Really worried

Im really worried. Ive just been to my dr after ive noticed bleeding outside my normal period. My period has ended up lasting 18 days this month and i am now feeling pai  in my stomach now its finished. The Dr looked at my records and it turns out my last smear test never received any results. I had this last year in january but looking online there was an issue nationally with smear testing which i had no idea about.  My last smear result before this was in 2012. I know i should have gone for a test sooner but thats something i cant change now. 

I know i shouldnt but have been looking at symptoms online and now am looking at myself after each little pain and imagining the worse. My mum died from cancer when she turned 40 this was from a rare cancer that started in her bone and spread to her lungs and kidney. I have a 3 year old beautiful daughter and the main earner in the house and i am worried sick to the point i am finding it difficult to function. My partner knows what is happening but im feeling really alone.

  • Wow, as a family you have really been through the mill! I think the problem we have today is the internet, there's so much information about symptoms, diagnosis and prognosis that it's easy to get so confused and worried. We all know someone who has battled cancer and it's the big dredded word that No one wants to hear. Having the right support is definitely the best thing to have around you from the point you have symptoms right through to diagnosis and treatment.  

    My husband has been amazing however he has not accepted the severity of the tests I'm about to have, im not sure I am! On the 7th of June my consultant advised that I had to be seen within 4 weeks however the appoints I have had is for 7 weeks!!! I get Bupa with my employer so I decided yesterday that I would go private and my appointments has been made for 27th June which is next Thursday, much better than the 3rd week in July. 

    I feel like time is standing still and 8m going through a wave of emotions. . I just hope the next 1 week and 1 day goes quick xxx

  • Hi concerned38,

    That's great news about your ca125 blood test result. Mine was 30 when I was admitted to hospital on the 29th May. I'm not sure if it's changed since then seen as though the tumour grown an extra 2cm diameter in 10 days and showed solid components. My appointment is the 27th June with gynea so I will find out more information then. I had to go private in the end as I was promised that I had to be seen within 4 weeks from 7th June however appointments for NHS is looking at the 3rd week in July which is now great. I just wish next Thursday was tomorrow xxx 

  • My ultrasound appointment came through today and i have it on 2nd July. Now to try and keep my mind off further thoughts for 2 weeks. 

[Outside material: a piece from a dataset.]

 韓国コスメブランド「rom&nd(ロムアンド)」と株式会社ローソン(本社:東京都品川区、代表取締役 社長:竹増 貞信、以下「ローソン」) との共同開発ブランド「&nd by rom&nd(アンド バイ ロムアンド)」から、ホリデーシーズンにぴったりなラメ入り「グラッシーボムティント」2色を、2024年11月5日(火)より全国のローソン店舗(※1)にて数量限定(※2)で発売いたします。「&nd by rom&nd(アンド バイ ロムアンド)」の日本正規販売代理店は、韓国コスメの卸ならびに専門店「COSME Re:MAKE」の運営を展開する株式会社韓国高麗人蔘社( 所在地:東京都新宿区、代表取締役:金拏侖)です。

    Symptoms are still showing today along with a cough that wont go, keep just telling myself weve all had it in the house....... thats the benefits (haha) of having a 3 year old. 

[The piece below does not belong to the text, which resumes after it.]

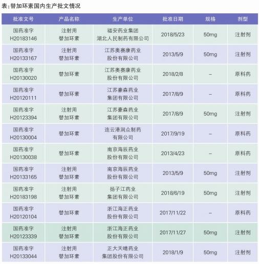 目前,多家國(guó)內(nèi)藥企同時(shí)擁有替加環(huán)素的原料藥和制劑生產(chǎn)文號(hào)(見(jiàn)表),具備了從原料藥到制劑的完整產(chǎn)業(yè)鏈。在當(dāng)前集采控費(fèi)的背景下,同時(shí)擁有原料藥和制劑生產(chǎn)批文的廠家在控制整體成本上具有更大的空間,在市場(chǎng)持續(xù)競(jìng)爭(zhēng)上更有優(yōu)勢(shì)。后續(xù)這樣的企業(yè)還有可能增加。

    Thinking of everyone waiting for tests and results at the minute xx

  • Im really struggling with this waiting. Still another week until i even have an ultrasound. I cant concentrate on anything, not sleeping well and im snapping at my partner and little girl and just cant help it. 

    Im not so bloated at the minute which is a bonus but still having my other symptoms. 

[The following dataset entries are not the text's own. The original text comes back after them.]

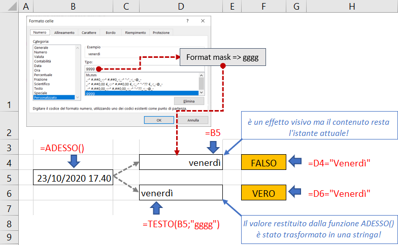 Maschera di formato => permette di visualizzare un dato in modo differente da come è stato effettivamente registrato all'interno di una cella. La maschera di formato non modifica il contenuto di una cella ma lo mostra solo in modo differente. Ad esempio una cella che contiene la data 24/09/2021, utilizzando la maschera di formato gggg, mostrerà solo il nome del giorno della settimana (ovvero "venerdì").
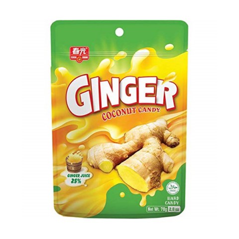 Ginger Coconut Candies 78g Chun Guang offers an exciting combination of spicy ginger and sweet coconut. The flavor begins with a gentle spicy warmth from the ginger, which gradually blends with the round and creamy sweetness of the coconut. This unique flavor fusion creates a balanced and refreshing experience, where the warming ginger gives a kick while the coconut's sweetness softens and rounds off the taste. Ideal as an exotic and flavorful snack that brings both spice and sweetness to the palate.
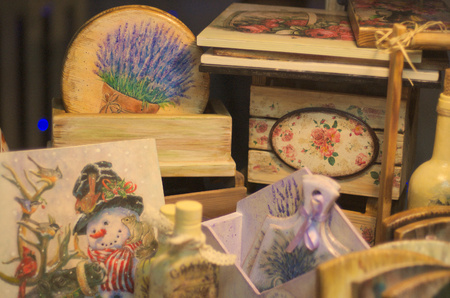 Colourful handicrafts are being prepared for sale in Kolkata by Indian rural worker. Handicrafts are rural Industry in West Bengal.

    I know that everyone is going through the waiting game but just want this to be over. I have lots of shifts at work now so hoping that will take my mind off things until next tuesday. 

     

  • I'm so sorry you are struggling so much. Please try to remember CA125 AND HIGH platelets can be linked to other conditions and doesn't necessarily mean cancer. I truly understand how worrying it is and how hard it is to think of anything but however, I am trying to cl8ng to anything positive I may have. In my case it's age. 

    If I'm completely honest I am absolutely petrified of the prospect of potentially needing a full hysterectomy.   I'm 37 and I have been blessed to have 2 beautiful children. My husband and I have talked about another baby and now that may not ever happen. I'm struggling to deal with that and the prospect of what the tumour may be.